The don’t log it because it would take huge amounts of resources and gain nothing.

Guntrigger@feddit.ch · 11 months ago

[Citation needed]

zaphod@lemmy.ca · edit-2 11 months ago

What?

Compiling quality datasets is enormously challenging and labour intensive. OpenAI absolutely knows the provenance of the data they train on as it’s part of their secret sauce. And there’s no damn way their CTO won’t have a broad strokes understanding of the origins of those datasets.

Bogasse@lemmy.ml · 11 months ago

And on the other hand it is a very obvious question to expect. If you have something hide how on the world are you not prepared for this question !? 🤡

Buttons@programming.dev · 11 months ago

If I were the reporter my next question would be:

“Do you feel that not knowing the most basic things about your product reflects on your competence as CTO?”

ForgotAboutDre@lemmy.world · 11 months ago

Hilarious, but if the reporter asked this they would find it harder to get invites to events. Which is a problem for journalists. Unless your very well regarded for your journalism, you can’t push powerful people without risking your career.

Abnorc@lemm.ee · 11 months ago

That, and the reporter is there to get information, not mess with and judge people. Asking that sort of question is really just an attack. We can leave it to commentators and ourselves for judge people.

Aniki 🌱🌿@lemm.ee · edit-2 11 months ago

this is limp dick energy. If asking questions is an attack then you’re probably a piece of shit doing bad things.

Aniki 🌱🌿@lemm.ee · 11 months ago

boofuckingwoo. Reporters are not supposed to be friends with the people they are writing about.

tb_@lemmy.world · 11 months ago

True, but if those same people they’re not supposed to be friends with are the ones inviting them to those events/granting them early access…

In other words: the system is rigged.

Aniki 🌱🌿@lemm.ee · 11 months ago

Again - boofuckinghooo.
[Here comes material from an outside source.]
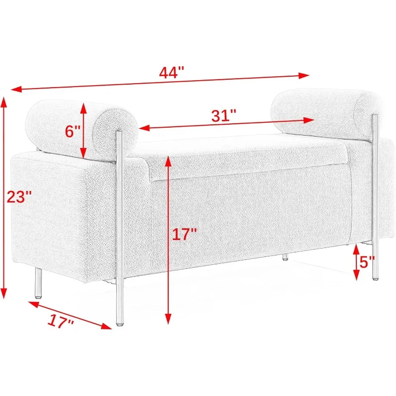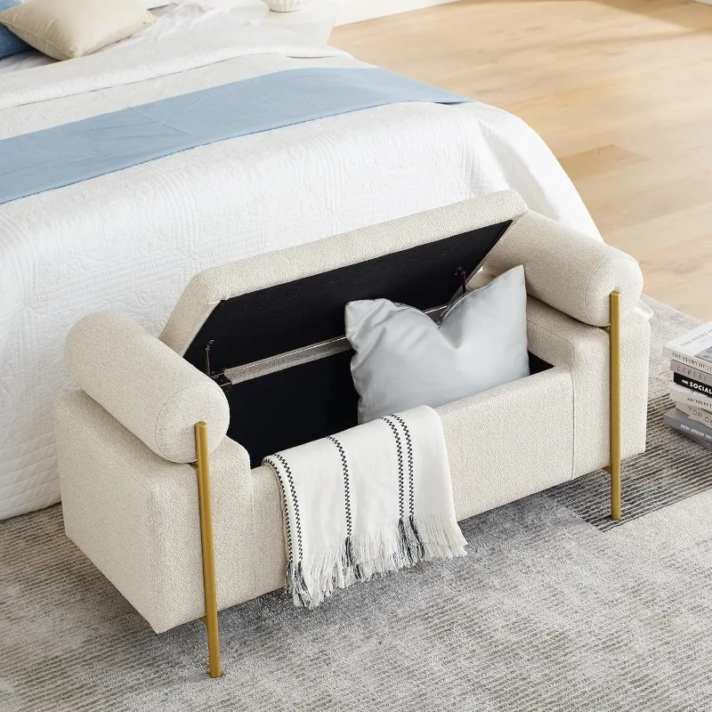 [Sturdy & Durable Structure] Structured with solid wood and manufactured with,this end of bed storage bench for bedroom has golden metal leg supporting. Exquisitely crafted,this bed bench can bear up to 250 LBS weight limit max.
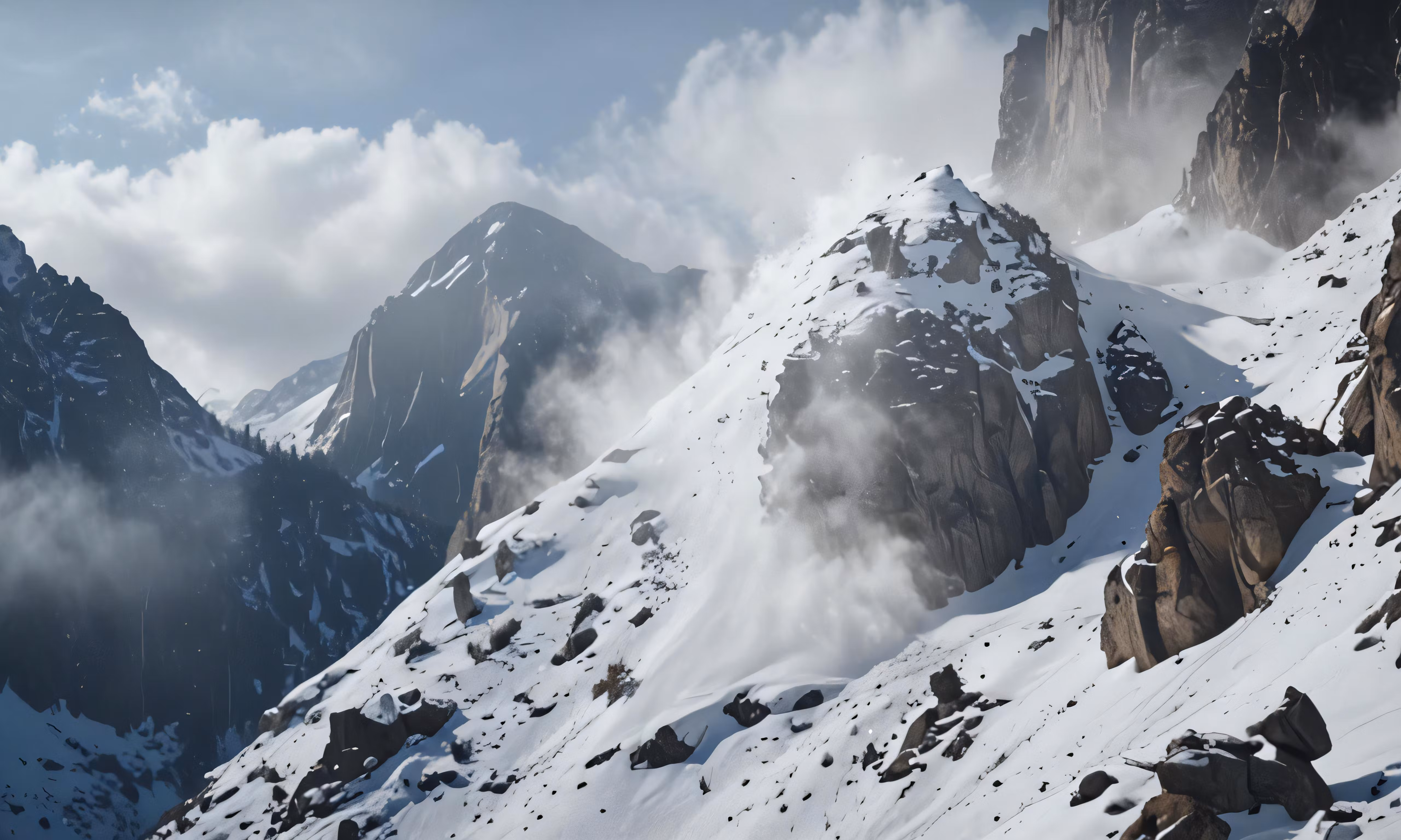 High resolution picture, free to use, a snow covered mountain ridge with clouds in the sky

Let the fuckers have no friends in the media. The media owners make journalists spinless advertisement sellers. I have very little respect for the profession at this point.

tb_@lemmy.world · 11 months ago

What a delightful and helpful attitude.

Deceptichum@sh.itjust.works · edit-2 11 months ago

booduckinghoo.

We’re sick and tired of this shit, it will never change if people make excuses for it.

phoneymouse@lemmy.world · 11 months ago

There is no way in hell it isn’t copyrighted material.

abhibeckert@lemmy.world · edit-2 11 months ago

Every video ever created is copyrighted.

The question is — do they need a license? Time will tell. This is obviously going to court.

Kazumara@feddit.de · 11 months ago

Don’t downvote this guy. He’s mostly right. Creative works have copyright protections from the moment they are created. The relevant question is indeed if they have the relevant permissions for their use, not wether it had protections in the first place.

Maybe some surveillance camera footage is not sufficiently creative to get protections, but that’s hardly going to be good for machine reinforcement learning.

ZILtoid1991@lemmy.world · 11 months ago

I have a feeling that the training material involves cheese pizza…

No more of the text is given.